## [Working data]
= Beginning of Section =

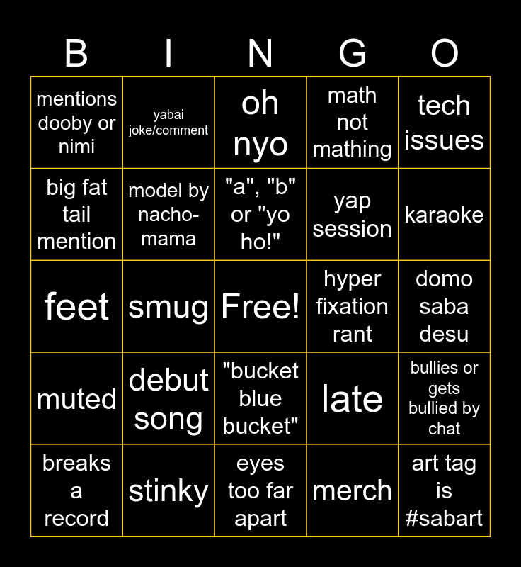 This bingo card has a free space and 24 words: debut song, stinky, "a", "b" or "yo ho!", breaks a record, tech issues, mentions dooby or nimi, big fat tail mention, yabai joke/comment, hyper fixation rant, "bucket blue bucket", yap session, feet, late, bullies or gets bullied by chat, model by nacho-mama, merch, domo saba desu, oh nyo, karaoke, smug, art tag is #sabart, muted, math not mathing and eyes too far apart.
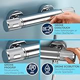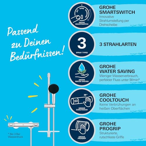 GROHE Precision Feel, Duschset mit Thermostat wassersparend, 8l pro Min (Duscharmatur hält Temperatur konstant, Duschkopf 3 Strahlarten, 1,75m Schlauch, Duschstange 60cm, 3in1 Tool), chrom, 34791001
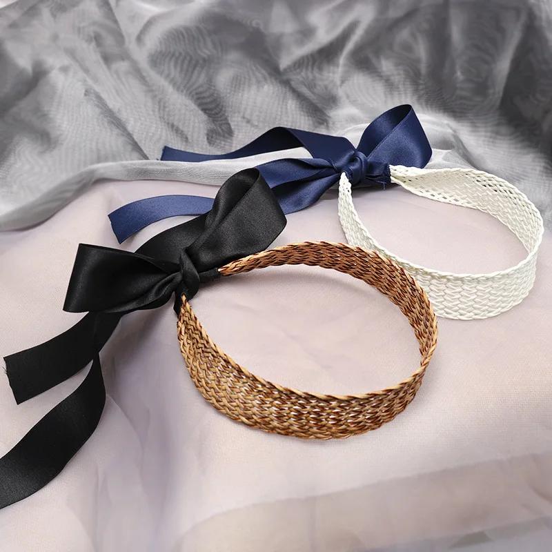 100% новый и высокое качество Тип изделия: ободки для волос Материал: солома Цвет: желтый, белый, черный Стиль: маленький аромат Узор: бант Размер: ширина 7 см Посылка: 1 шт. повязка на голову
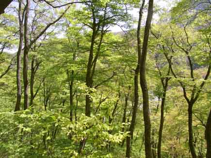 下りは元谷経由で大山寺へ下ります。山麓のブナ林がどんなに美しかったか、全てを緑に染めて空気も緑です。
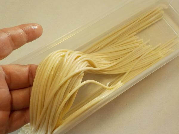 長さは、一般的な乾パスタとおなじ。フォークのすきまにはいりこみやすい太さです。
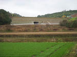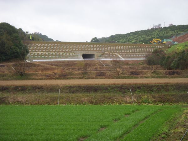 我家の田んぼから数百メートル南側に一部未開通区間の工区がある。雨の上がった後散歩方々高速道と交差する農道を歩いた。ほぼ完成形に近く高架橋や法面工事が最終段階急ピッチで進んでいる。NEXCOによればこの区間の開通予定は平成28年になるという。お金(事業費)と歳月をかければどんな工事も立派に仕上がるものである。

= End of Section =

## [About this task]
A word-for-word copy of the data, without its pictures, is what is needed.

## [Solution below]
 This bingo card has a free space and 24 words: debut song, stinky, "a", "b" or "yo ho!", breaks a record, tech issues, mentions dooby or nimi, big fat tail mention, yabai joke/comment, hyper fixation rant, "bucket blue bucket", yap session, feet, late, bullies or gets bullied by chat, model by nacho-mama, merch, domo saba desu, oh nyo, karaoke, smug, art tag is #sabart, muted, math not mathing and eyes too far apart.
 GROHE Precision Feel, Duschset mit Thermostat wassersparend, 8l pro Min (Duscharmatur hält Temperatur konstant, Duschkopf 3 Strahlarten, 1,75m Schlauch, Duschstange 60cm, 3in1 Tool), chrom, 34791001
 100% новый и высокое качество Тип изделия: ободки для волос Материал: солома Цвет: желтый, белый, черный Стиль: маленький аромат Узор: бант Размер: ширина 7 см Посылка: 1 шт. повязка на голову
 下りは元谷経由で大山寺へ下ります。山麓のブナ林がどんなに美しかったか、全てを緑に染めて空気も緑です。
 長さは、一般的な乾パスタとおなじ。フォークのすきまにはいりこみやすい太さです。
 我家の田んぼから数百メートル南側に一部未開通区間の工区がある。雨の上がった後散歩方々高速道と交差する農道を歩いた。ほぼ完成形に近く高架橋や法面工事が最終段階急ピッチで進んでいる。NEXCOによればこの区間の開通予定は平成28年になるという。お金(事業費)と歳月をかければどんな工事も立派に仕上がるものである。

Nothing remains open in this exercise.